AVAILABLE DATA:

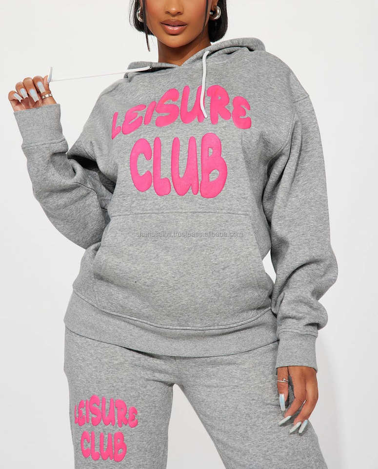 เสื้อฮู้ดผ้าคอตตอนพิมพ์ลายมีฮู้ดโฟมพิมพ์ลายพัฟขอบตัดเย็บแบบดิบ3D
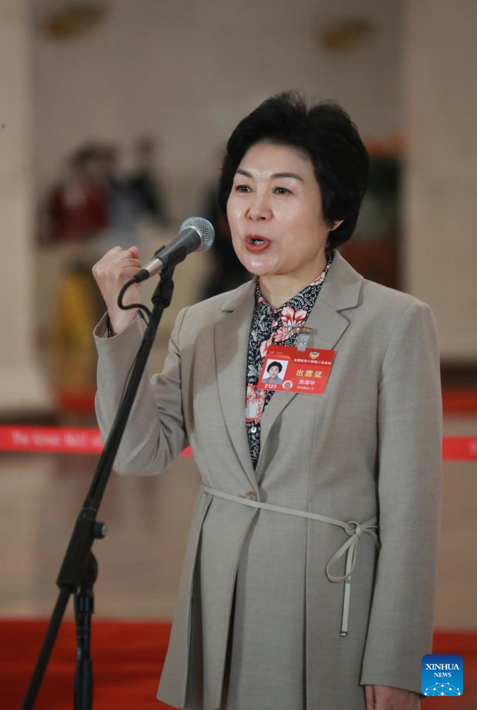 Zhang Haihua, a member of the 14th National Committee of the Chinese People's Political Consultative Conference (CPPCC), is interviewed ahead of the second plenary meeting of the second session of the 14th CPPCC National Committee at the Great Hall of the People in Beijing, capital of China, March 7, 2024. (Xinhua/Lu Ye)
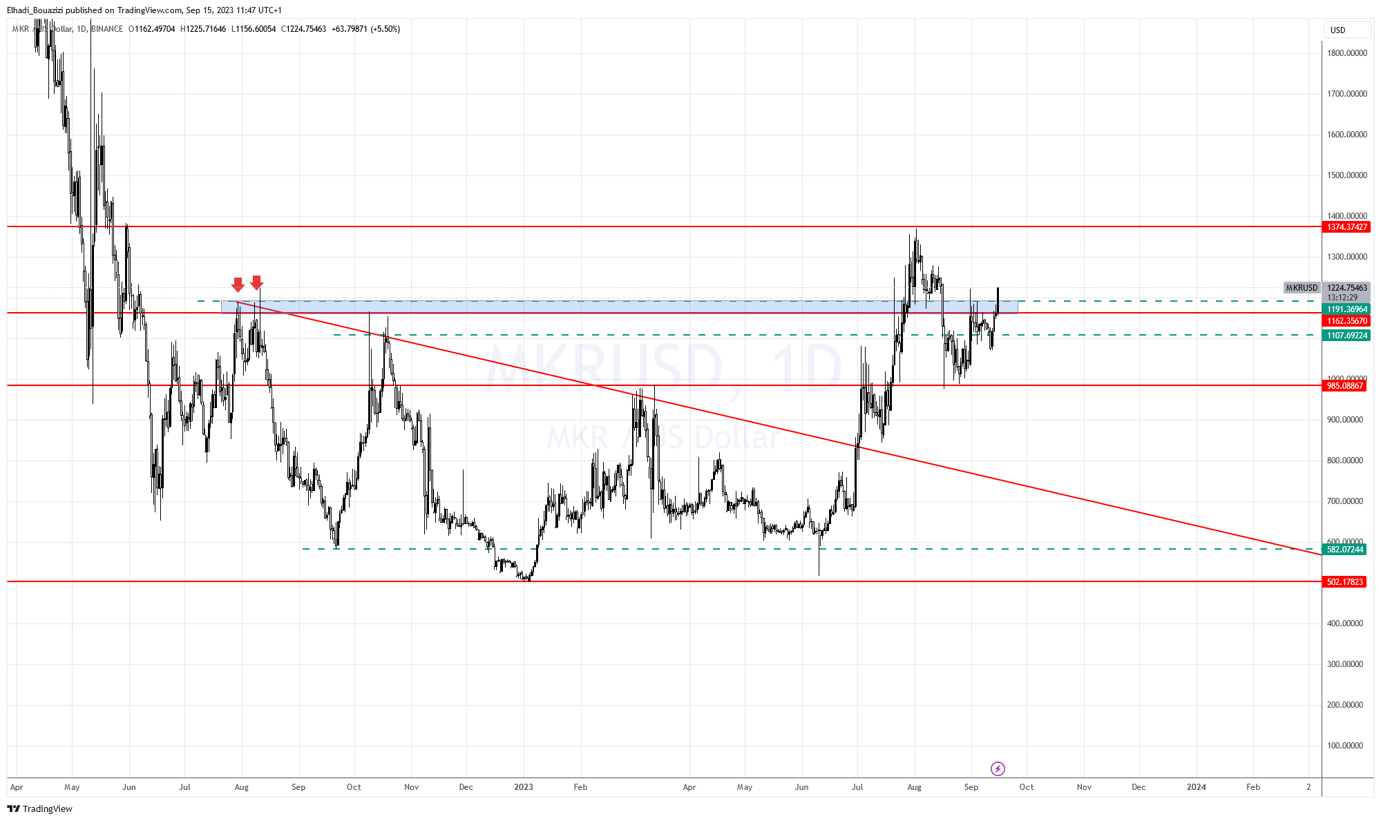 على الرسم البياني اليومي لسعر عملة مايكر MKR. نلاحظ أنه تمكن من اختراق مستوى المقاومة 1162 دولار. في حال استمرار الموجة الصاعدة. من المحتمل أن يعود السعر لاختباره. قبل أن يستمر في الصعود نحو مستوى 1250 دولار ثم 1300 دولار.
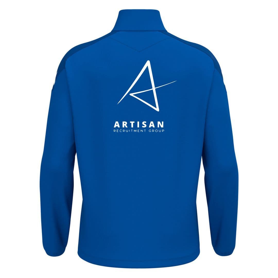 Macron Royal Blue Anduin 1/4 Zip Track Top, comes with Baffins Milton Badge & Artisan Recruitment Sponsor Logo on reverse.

EXERCISE GOAL: Each line of the data above must be repeated exactly, images excluded.

PROBLEM SOLUTION:
 เสื้อฮู้ดผ้าคอตตอนพิมพ์ลายมีฮู้ดโฟมพิมพ์ลายพัฟขอบตัดเย็บแบบดิบ3D
 Zhang Haihua, a member of the 14th National Committee of the Chinese People's Political Consultative Conference (CPPCC), is interviewed ahead of the second plenary meeting of the second session of the 14th CPPCC National Committee at the Great Hall of the People in Beijing, capital of China, March 7, 2024. (Xinhua/Lu Ye)
 على الرسم البياني اليومي لسعر عملة مايكر MKR. نلاحظ أنه تمكن من اختراق مستوى المقاومة 1162 دولار. في حال استمرار الموجة الصاعدة. من المحتمل أن يعود السعر لاختباره. قبل أن يستمر في الصعود نحو مستوى 1250 دولار ثم 1300 دولار.
 Macron Royal Blue Anduin 1/4 Zip Track Top, comes with Baffins Milton Badge & Artisan Recruitment Sponsor Logo on reverse.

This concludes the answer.